Ashland now operates through five reportable segments: Ashland Aqualon Functional Ingredients, previously Hercules’ Aqualon Group; Ashland Hercules Water Technologies, which includes the former Hercules’ Paper Technologies and Ventures segment as well as Ashland’s former Water Technologies segment; Ashland Performance Materials; Ashland Consumer Markets (Valvoline); and Ashland Distribution.
Financial information about these segments for each of the fiscal years in the three-year period ended September 30, 2009, is set forth in Note Q of “Notes to Consolidated Financial Statements” in this annual report on Form 10-K.
Ashland Aqualon Functional Ingredients is one of the world’s largest producers of cellulose ethers and pale wood rosin derivatives. It provides specialty additives and functional ingredients that manage the physical properties of aqueous (water-based) and nonaqueous systems. Many of its products are derived from renewable and natural raw materials and perform in a wide variety of applications.
Ashland Hercules Water Technologies is a leading global producer of papermaking chemicals and a leading specialty chemicals supplier to the pulp, paper, commercial and institutional, food and beverage, chemical, mining and municipal markets. Its process, water treatment and functional chemistries are used to improve operational efficiencies, enhance product quality, protect plant assets, and ensure environmental compliance.

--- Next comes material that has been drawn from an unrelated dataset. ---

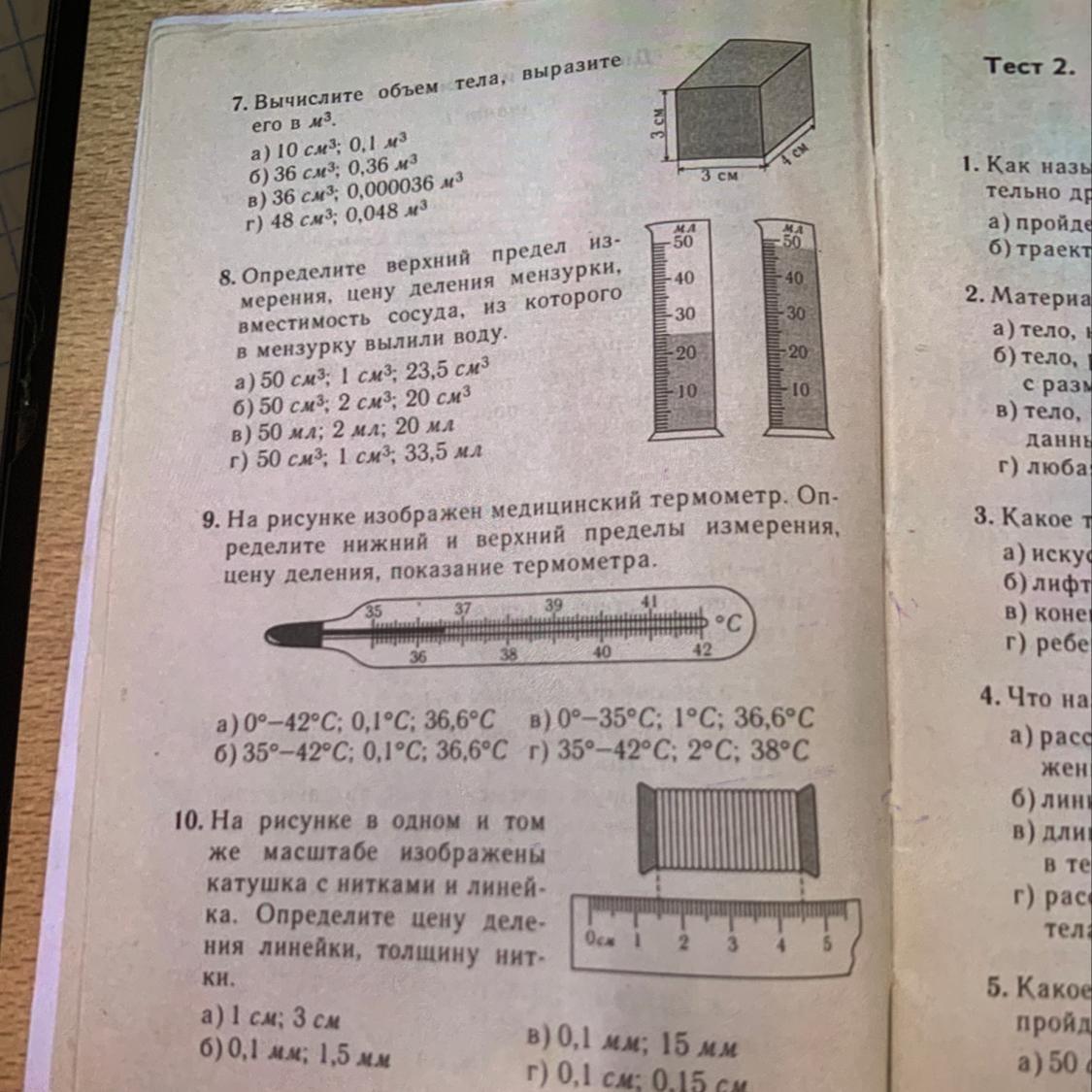 мерения, цену деления мензурки,

Ashland Performance Materials is a global leader in unsaturated polyester resins and vinyl ester resins. In addition, it provides customers with leading technologies in gelcoats, pressure-sensitive and structural adhesives, and metal casting consumables and design services.
Ashland Consumer Markets, which includes the Valvoline® family of products and services, is a leading innovator, marketer and supplier of high-performing automotive lubricants, chemicals and appearance products. Valvoline, the world’s first lubricating oil, is the number three passenger car motor oil brand, and Valvoline Instant Oil Change represents the number two quick-lube franchise in the United States.

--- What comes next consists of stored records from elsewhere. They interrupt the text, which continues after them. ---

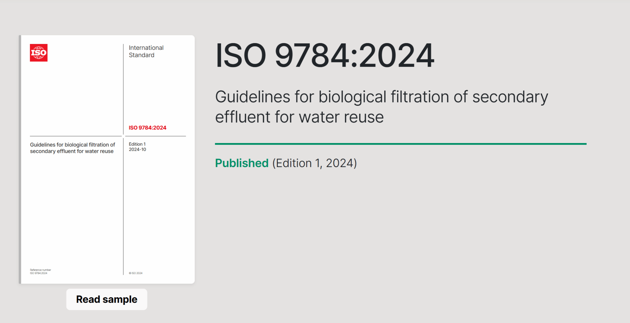 This document provides guidance for biological filtration of secondary effluent for water reuse. It specifies general recommendations, process components and technical recommendations of each component, post-treatment process and water reuse applications.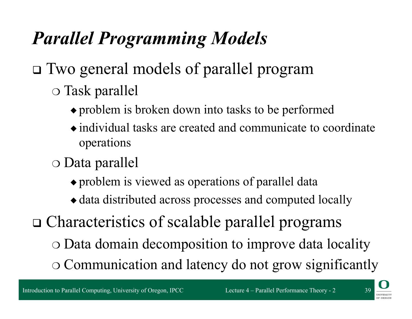 2 . Outline q Scalable parallel execution q Parallel execution models q Isoefficiency q Parallel machine models q Parallel performance engineering Introduction to Parallel Computing, University of Oregon, IPCC Lecture 4 – Parallel Performance Theory - 2 2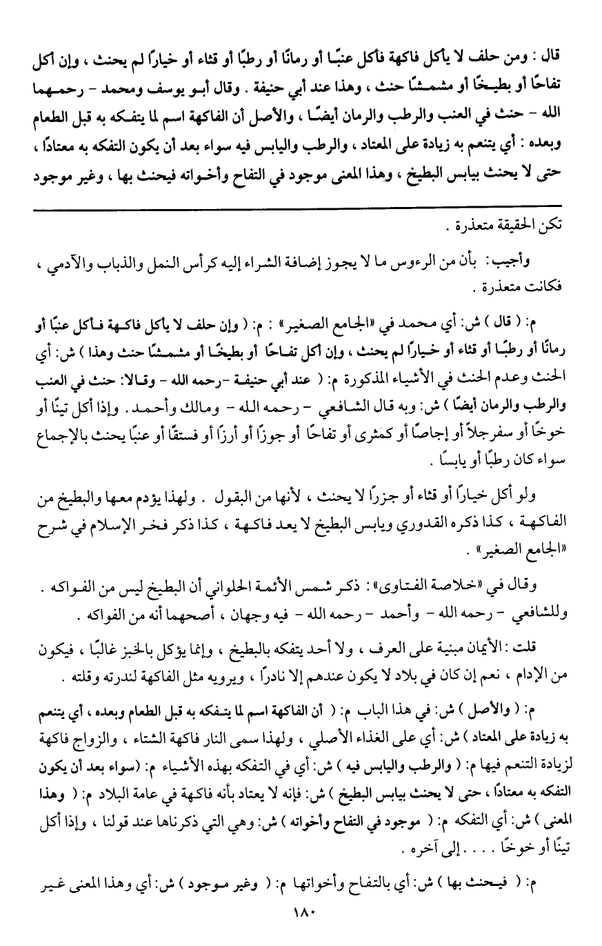 قال: ومن حلف لا يأكل فاكهة فأكل عنبا أو رمانا أو رطبا أو قثاء أو خيارا لم يحنث، وإن أكل تفاحا أو بطيخا أو مشمشا حنث، وهذا عند أبي حنيفة. وقال أبو يوسف ومحمد - رحمهما الله - حنث في العنب والرطب والرمان أيضا، والأصل أن الفاكهة اسم لما يتفكه به قبل الطعام وبعده: أي يتنعم به زيادة على المعتاد، والرطب واليابس فيه سواء بعد أن يكون التفكه به معتادا، حتى لا يحنث بيابس البطيخ، وهذا المعنى موجود في التفاح وأخواته فيحنث بها، وغير موجود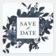 Rustic Blue Floral Save the Date Wedding Square Sticker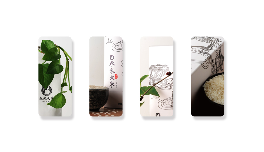 以“泰來大米”四個(gè)字為主設(shè)計(jì),加入魚米元素更有記憶點(diǎn)。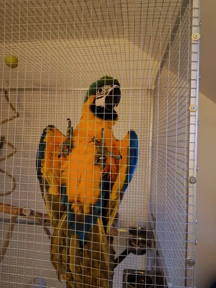 Prodám Aru araraunu - Prodám šestiměsíčního samečka a samičku Ary ararauny odchované plně pod rodiči. Vhodné k ochočení na domácího mazlíčka. Nyní s námi v domě, zvykají si na normální chod domácnosti...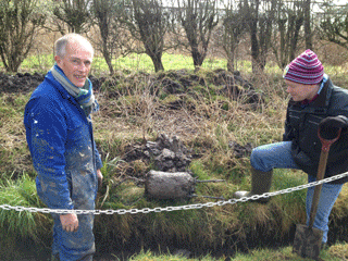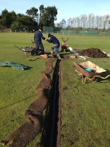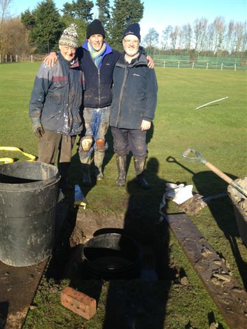 Sump two has been sunk and a drainage channel has been dug from the middle of lawn one. The drainage channel has been laid with a drainage pipe and gravel. Hopefully we will have the only dry grass on the Moss. Picture shows Philip being helped out after getting stuck in to the job too literally!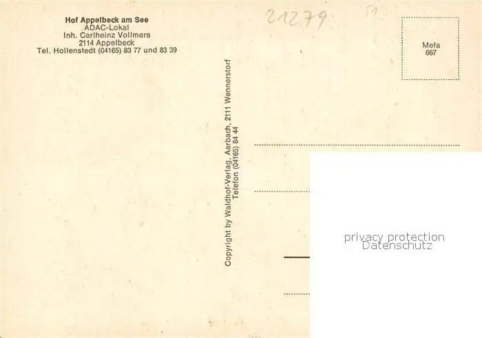 Appelbeck Hof Appelbeck am See ADAC Lokal Restaurant Appelbeck postalisch nicht gelaufen nach 1965 Erhaltung siehe scans [FriedD77] Frierer

Ashland Distribution is a leading plastics and chemicals distributor in North America. It distributes chemicals, plastics and composite raw materials in North America, as well as plastics in Europe and China. Ashland Distribution also provides environmental services in North America, including hazardous and nonhazardous waste collection, recovery, recycling and disposal services.
At September 30, 2009, Ashland and its consolidated subsidiaries had approximately 14,700 employees (excluding contract employees).
Available Information — Ashland’s Internet address is http://www.ashland.com. On this website, Ashland makes available, free of charge, its annual reports on Form 10-K, quarterly reports on Form 10-Q, current reports on Form 8-K and any amendments to those reports as well as any beneficial ownership reports of officers and directors filed electronically on Forms 3, 4 and 5. All such reports will be available as soon as reasonably practicable after Ashland electronically files such material with, or furnishes such material to, the Securities and Exchange Commission (“SEC”). Ashland also makes available free of charge on its website, its Corporate Governance Guidelines; Board Committee Charters; Director Independence Standards; and its code of business conduct which applies to Ashland’s directors, officers and employees.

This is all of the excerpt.